The action of checking the connectivity of the ICE candidate pair here is to send a STUN binding request. For exmaple, A sends a STUN binding request for each ICE candidate pair. If the ICE candidate pair can be connected in one direction, B will receive the request, and B will send a STUN binding response on the corresponding channel. This connectivity check will be done on both sides of the call, that is, B will also send a request and wait for A’s response. In order to distinguish it from the previous STUN binding request that interacts with STUN, I prefer to refer to the STUN binding request in the connectivity checks as peer-to-peer STUN binding request.

In the connectivity check phase, each WebRTC client will issue a STUN binding response after receiving the STUN binding request. The STUN binding request & response here is used to detect the connectivity of the candidate pair, but the values of the STUN binding request and STUN binding response used in the stage of collecting the local ICE candidates are reused. Don’t confuse the STUN binding request here with the STUN binding request for interacting with STUN when collecting ICE candidates.

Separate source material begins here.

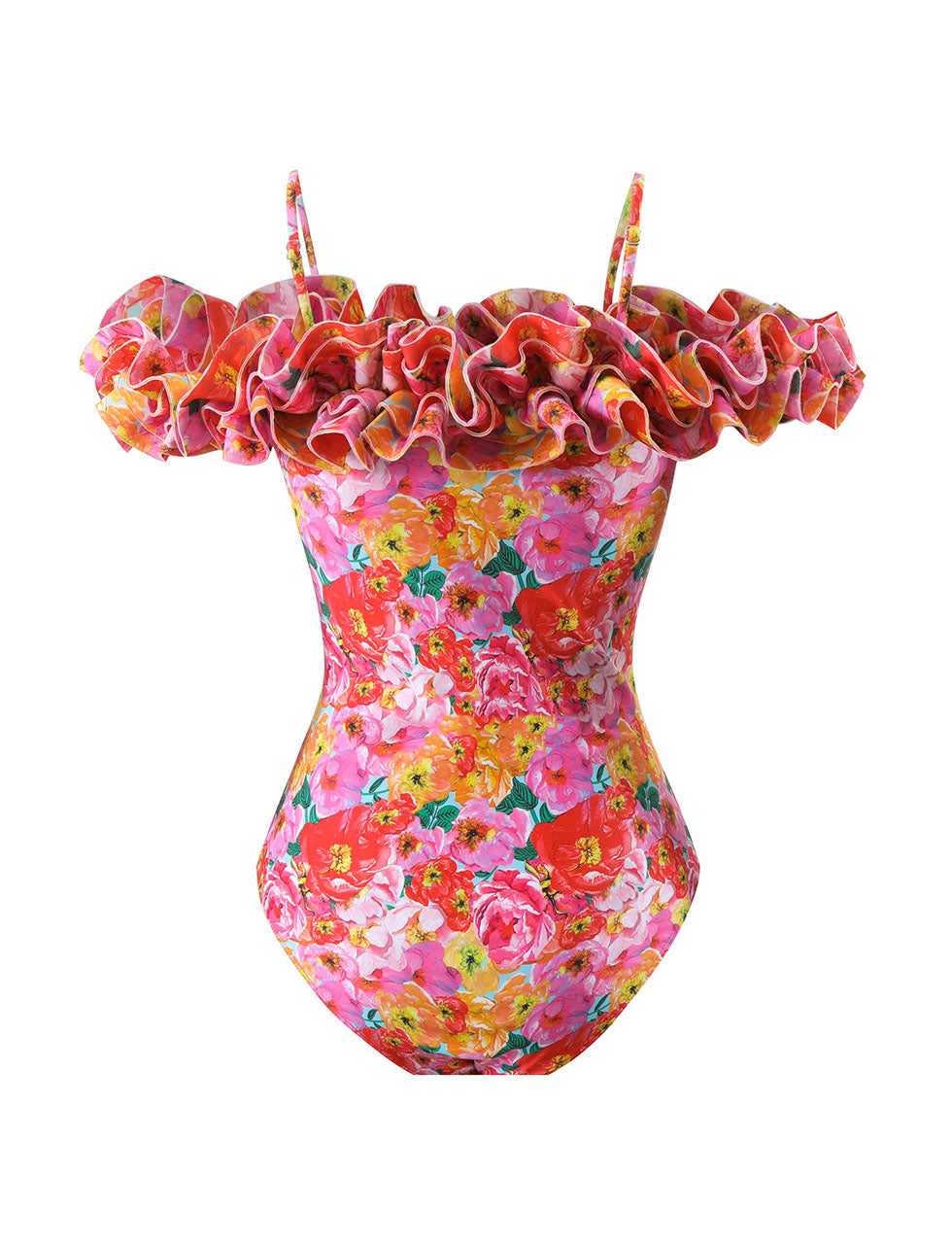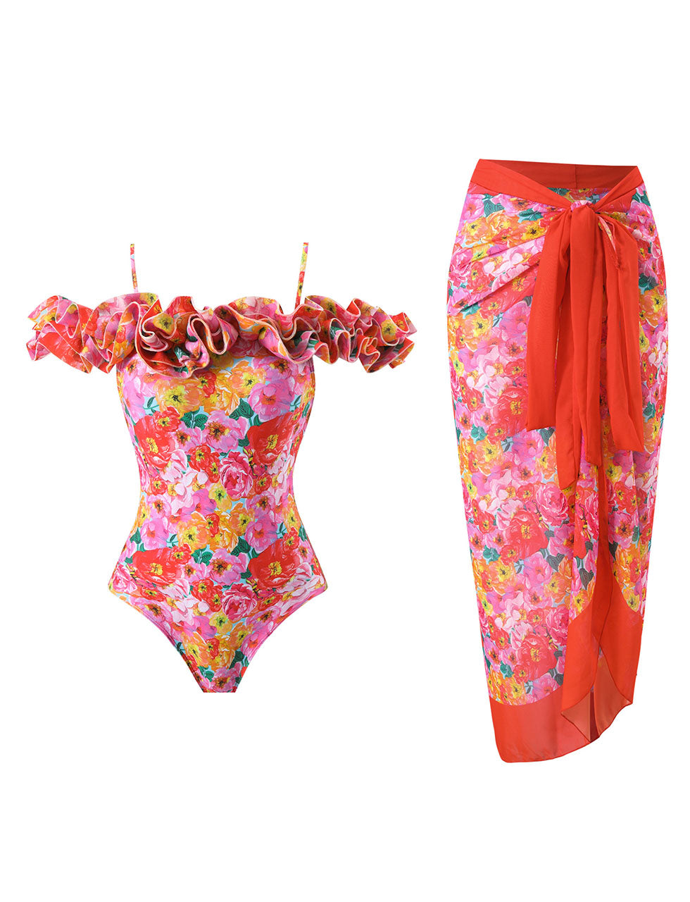 Red Off Shoulder Ruffles One Piece With Bathing Suit Wrap Skirt

In the end, both parties will select the candidate pair with the best quality for data transmission. The ICE Candidate Change seen in the portal of our call history record platform is the candidate pair nominated by both parties. Therefore, as long as the word “relay” does not appear in it, it means that relay is not used and the call use P2P connection.

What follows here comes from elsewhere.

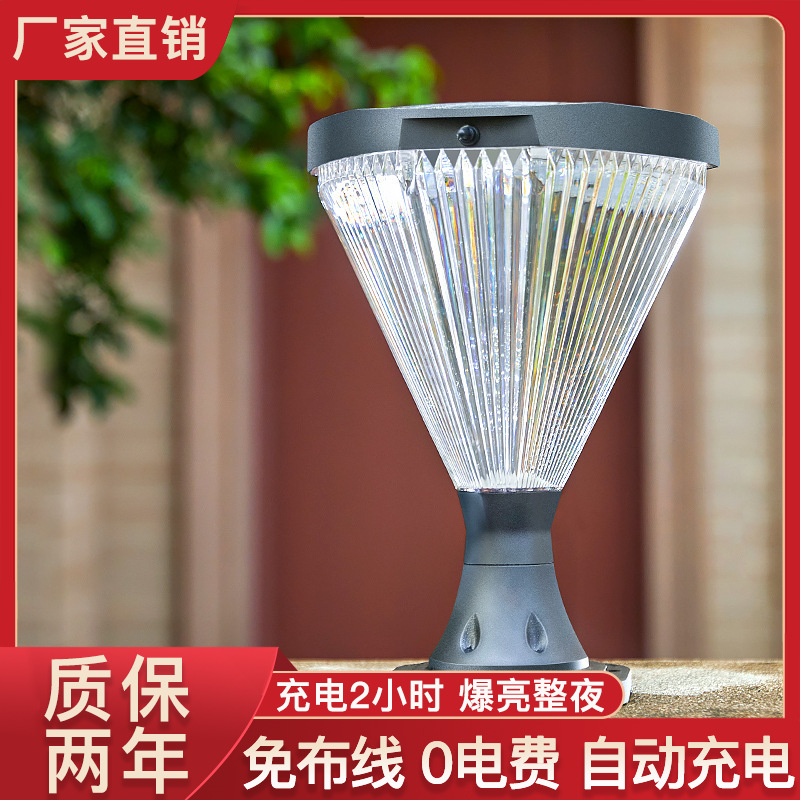 Lampu pilar surya, lampu taman pilar luar ruangan tahan air kekuatan tinggi lampu dinding halaman vila kolom tujuan ganda LED

The figure below is a typical record of using relay.

A call record using relay

Timing problem
Although I divided these steps into several stages above, but in fact they are not strictly separated in time.

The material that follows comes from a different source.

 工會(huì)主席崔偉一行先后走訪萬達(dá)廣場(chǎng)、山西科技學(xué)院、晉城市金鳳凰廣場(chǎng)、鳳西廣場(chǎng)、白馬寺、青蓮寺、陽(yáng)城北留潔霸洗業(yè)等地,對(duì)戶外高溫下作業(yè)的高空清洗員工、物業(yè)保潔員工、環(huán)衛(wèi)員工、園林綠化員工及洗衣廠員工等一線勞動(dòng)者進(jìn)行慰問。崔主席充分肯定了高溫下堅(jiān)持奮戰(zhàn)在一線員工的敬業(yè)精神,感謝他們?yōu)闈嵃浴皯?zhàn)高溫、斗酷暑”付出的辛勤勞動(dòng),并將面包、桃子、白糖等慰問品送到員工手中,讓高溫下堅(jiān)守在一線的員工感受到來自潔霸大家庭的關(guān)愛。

For example, the time when the ICE candidates of the two parties are collected may be different. When the A that wants to send the Offer has collected the ICE candidates, it can send the Offer and wait for the Answer; after the B receives the Offer, if its own ICE candidates have been collected. Answers can be sent.

At this time, since the B side has already obtained the ICE candidates of both parties, it will start to check the connectivity of various candidate pairs, but A may not have received the Answer, so A has not yet entered the stage of connectivity check. Therefore, all peer-to-peer STUN binding requests sent by B will not have any response, that is, all these requests will time out. B will continue to check, and will not stop checking due to timeout. At the same time, B will also respond to the peer-to-peer STUN binding request it receives, but no requests are sent to it at this time.

When A receives the Answer, A will also enter the stage of checking the connectivity. At this time, on the one hand, A will send the peer-to-peer STUN binding request, on the other hand, A will also respond to the received peer-to-peer STUN binding request.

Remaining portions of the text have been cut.